Я не стану распространяться о том, что каждый из деятелей итальянского возрождения – от Кавура и кончая последним из гарибальдийских стрелков, геройски умиравших на баррикадах Санта-Марии Капуанской с криком: viva l"Italia una!., что каждый из них, говорю я, понимал, по всей вероятности, что-нибудь свое под этими звучными словами: Единство Италии. Нам интересен не этот смысл, изменявшийся до бесконечности, а именно та сторона дела, которая всего меньше зависит от каких бы то ни было личностей, благодаря которой унитарная мысль стала сама по себе силой, и такой силой, что заставила, склониться перед собой все другие, по-видимому, несравненно более ее современные, разумные и практические политические теории и доктрины…

Признаюсь, я довольно долго был склонен видеть во всем этом не больше, как предлог, как знамя, преднамеренно принятое Италией в угоду дипломатии, а под которым в сущности скрывались иные стремления…

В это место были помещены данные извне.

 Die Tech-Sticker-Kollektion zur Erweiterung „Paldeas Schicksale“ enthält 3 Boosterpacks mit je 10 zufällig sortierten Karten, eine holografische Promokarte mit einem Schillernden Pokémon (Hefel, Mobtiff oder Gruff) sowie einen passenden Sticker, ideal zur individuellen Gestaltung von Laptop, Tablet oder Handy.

«Неужели вы думаете», говорили мне практические люди, не итальянцы: «что мысль итальянского единства могла бы иметь такой успех в самом народе, если бы Австрия не упорствовала смотреть на Италию, как на колонию, заботясь исключительно о том, чтобы извлечь из нее по возможности более выгод для самой метрополии, т. е. Вены…»

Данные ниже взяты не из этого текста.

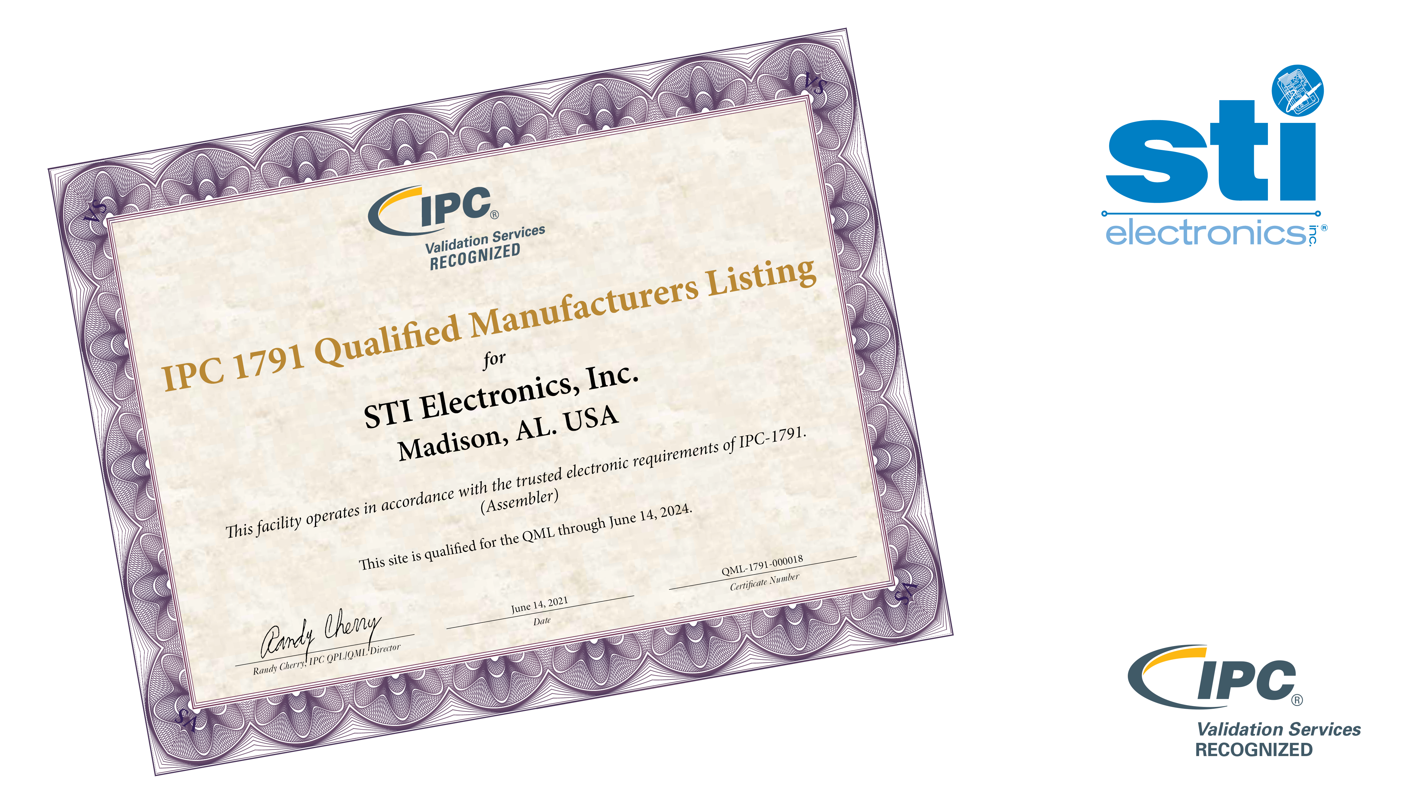 MADISON, AL – June, 2021 – STI Electronics, Inc., a full service organization including engineering, contract manufacturing and training services announces it has successfully completed certification for QML IPC-1791.

И мне казалось, что большая доля правды была в этом взгляде. А между тем смотреть на человеческие дела исключительно с точки зрения выгоды, – значило бы предполагать в людях гораздо больше последовательности, чем в них действительно есть ее… Я видел совершенно бескорыстные подвиги людей и народов, да и вы видели их не дальше, как на Невском проспекте. Так, например, весьма расчетливый господин несется на лихом рысаке. Ему ничего не стоит ехать тише, а он несется во весь опор под опасением раздавить какого-нибудь бедняка с явным ущербом для своего кармана… Вся Франция с восторгом и энтузиазмом отправляет войска в Сирию спасать ненавистных ей тамошних христиан, в Рим поддерживать папу, в которого сама не верит, в Мексику – бить мексиканцев, до которых ей нет никакого дела… Какая же во всем этом корысть? Какой расчет или выгода во всем этом… Я понимаю, т. е. признаю за факт существующий международной ненависти, в особенности в Италии, где народ страстный, по преимуществу без рефлексии… Так уж не смотреть ли на итальянское Risorgimento, как на дело чисто международной вражды между итальянцами и немцами? Наверное и в этом взгляде есть своя, и весьма значительная, доля правды…

Но всё это вовсе еще не характеризует итальянское дело. Основанием всякого народного дела, всякой государственной или общественной системы было конечно другое непосредственное, нерефлектированное чувство. Мы всё еще не знаем: жертвует ли Италия всеми сторонами органического, общечеловеческого своего быта исключительному положению угнетенной народности, в котором она находится?

Если так, то что можем дать мы ей, кроме того дилетантского отчасти сочувствия, которое возбуждает в нас каждое страдание чужого нам, совершенно постороннего лица, или народа. Ведь мы сами, благодаря Господу Богу, не находимся в подобных ей обстоятельствах…

Или самая народная жизнь, благодаря именно этим исключительным обстоятельствам, не жертвуя в сущности ничем, – выработала себе иную самобытную дорогу и продолжает идти вперед к общечеловеческим целям, но не тем рутинным путем, который выработала история других европейских народов, не терпевших того усложненного гнета, который суждено было вынести ей? Если справедливо это последнее положение (в чем я совершенно убежден в настоящую минуту), то итальянское Risorgimento – неоцененный факт для физиолога, представляя ему совершенно новую сторону общественной жизни, в которой не могли не определиться весьма ярко и резко, с новой совершенно точки зрения, тысячи коренных условий общечеловеческого быта и условий, которые не выяснились, не заявили себя в жизни других народов, шедших совершенно иным и односторонним путем исторического развития.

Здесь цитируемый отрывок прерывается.